Recorded data:
+++

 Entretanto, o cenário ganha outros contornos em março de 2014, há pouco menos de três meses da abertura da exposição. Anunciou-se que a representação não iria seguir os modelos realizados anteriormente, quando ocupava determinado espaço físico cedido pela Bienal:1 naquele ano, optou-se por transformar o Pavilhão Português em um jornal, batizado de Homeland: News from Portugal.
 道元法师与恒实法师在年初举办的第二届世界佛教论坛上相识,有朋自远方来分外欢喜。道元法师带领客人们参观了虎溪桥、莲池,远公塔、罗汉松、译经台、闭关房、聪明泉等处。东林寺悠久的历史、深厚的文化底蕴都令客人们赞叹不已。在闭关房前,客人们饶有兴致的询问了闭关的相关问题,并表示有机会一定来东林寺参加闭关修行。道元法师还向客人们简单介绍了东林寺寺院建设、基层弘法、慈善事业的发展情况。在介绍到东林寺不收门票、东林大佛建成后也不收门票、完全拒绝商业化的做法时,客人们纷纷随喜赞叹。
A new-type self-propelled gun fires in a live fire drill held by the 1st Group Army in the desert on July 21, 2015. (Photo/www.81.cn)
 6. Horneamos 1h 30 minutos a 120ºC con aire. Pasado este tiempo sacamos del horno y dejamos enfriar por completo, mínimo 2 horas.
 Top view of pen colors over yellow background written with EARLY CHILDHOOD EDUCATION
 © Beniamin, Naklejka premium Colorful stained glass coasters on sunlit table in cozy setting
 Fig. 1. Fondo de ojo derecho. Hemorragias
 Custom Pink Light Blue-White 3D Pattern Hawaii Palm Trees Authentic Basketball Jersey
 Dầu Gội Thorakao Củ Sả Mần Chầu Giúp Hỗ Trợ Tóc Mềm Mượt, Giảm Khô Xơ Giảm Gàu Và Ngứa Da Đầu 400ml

+++

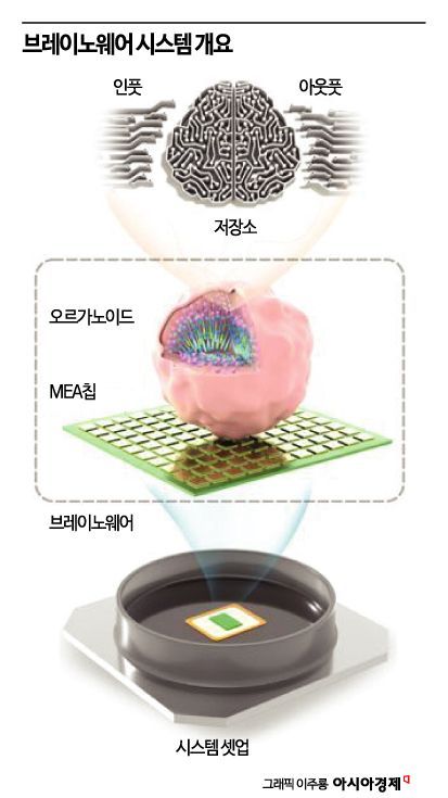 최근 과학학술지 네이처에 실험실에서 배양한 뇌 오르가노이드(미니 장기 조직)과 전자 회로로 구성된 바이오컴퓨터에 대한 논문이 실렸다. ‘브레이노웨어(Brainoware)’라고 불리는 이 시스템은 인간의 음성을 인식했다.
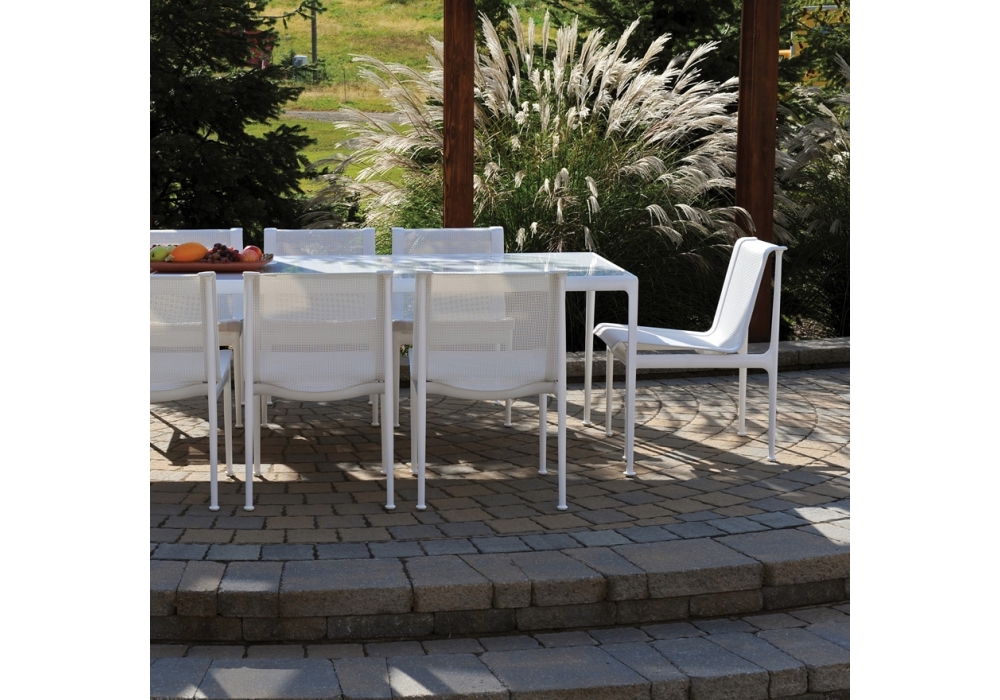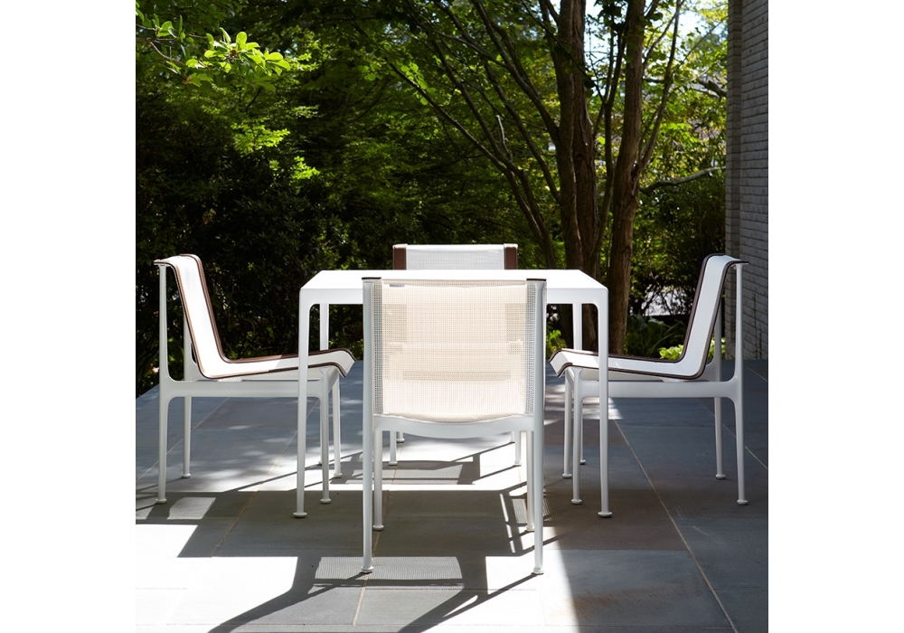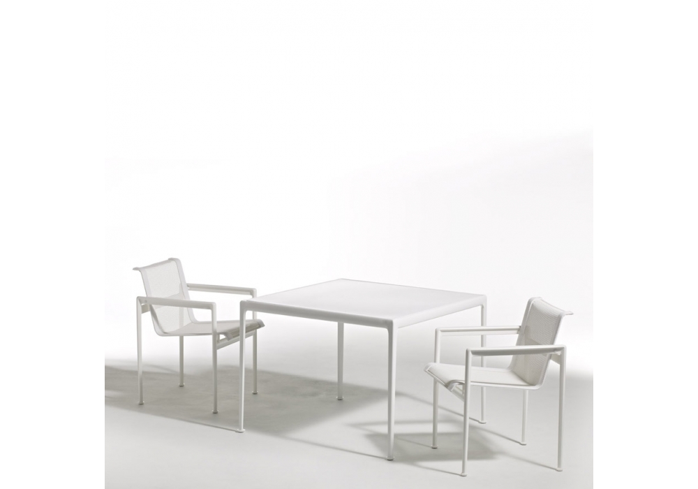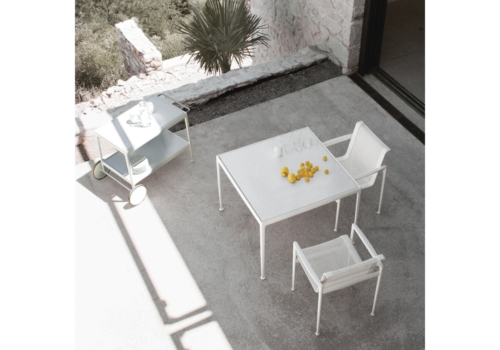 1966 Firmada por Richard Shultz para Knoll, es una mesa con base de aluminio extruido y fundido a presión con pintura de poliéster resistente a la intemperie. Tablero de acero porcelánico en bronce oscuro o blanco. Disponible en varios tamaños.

+++

Considering only the material above, set down every line from the one with "Entretanto, o cenário" to the one with "A new-type self-propelled", inclusive, exactly as written.

Answer area:
 Entretanto, o cenário ganha outros contornos em março de 2014, há pouco menos de três meses da abertura da exposição. Anunciou-se que a representação não iria seguir os modelos realizados anteriormente, quando ocupava determinado espaço físico cedido pela Bienal:1 naquele ano, optou-se por transformar o Pavilhão Português em um jornal, batizado de Homeland: News from Portugal.
 道元法师与恒实法师在年初举办的第二届世界佛教论坛上相识,有朋自远方来分外欢喜。道元法师带领客人们参观了虎溪桥、莲池,远公塔、罗汉松、译经台、闭关房、聪明泉等处。东林寺悠久的历史、深厚的文化底蕴都令客人们赞叹不已。在闭关房前,客人们饶有兴致的询问了闭关的相关问题,并表示有机会一定来东林寺参加闭关修行。道元法师还向客人们简单介绍了东林寺寺院建设、基层弘法、慈善事业的发展情况。在介绍到东林寺不收门票、东林大佛建成后也不收门票、完全拒绝商业化的做法时,客人们纷纷随喜赞叹。
A new-type self-propelled gun fires in a live fire drill held by the 1st Group Army in the desert on July 21, 2015. (Photo/www.81.cn)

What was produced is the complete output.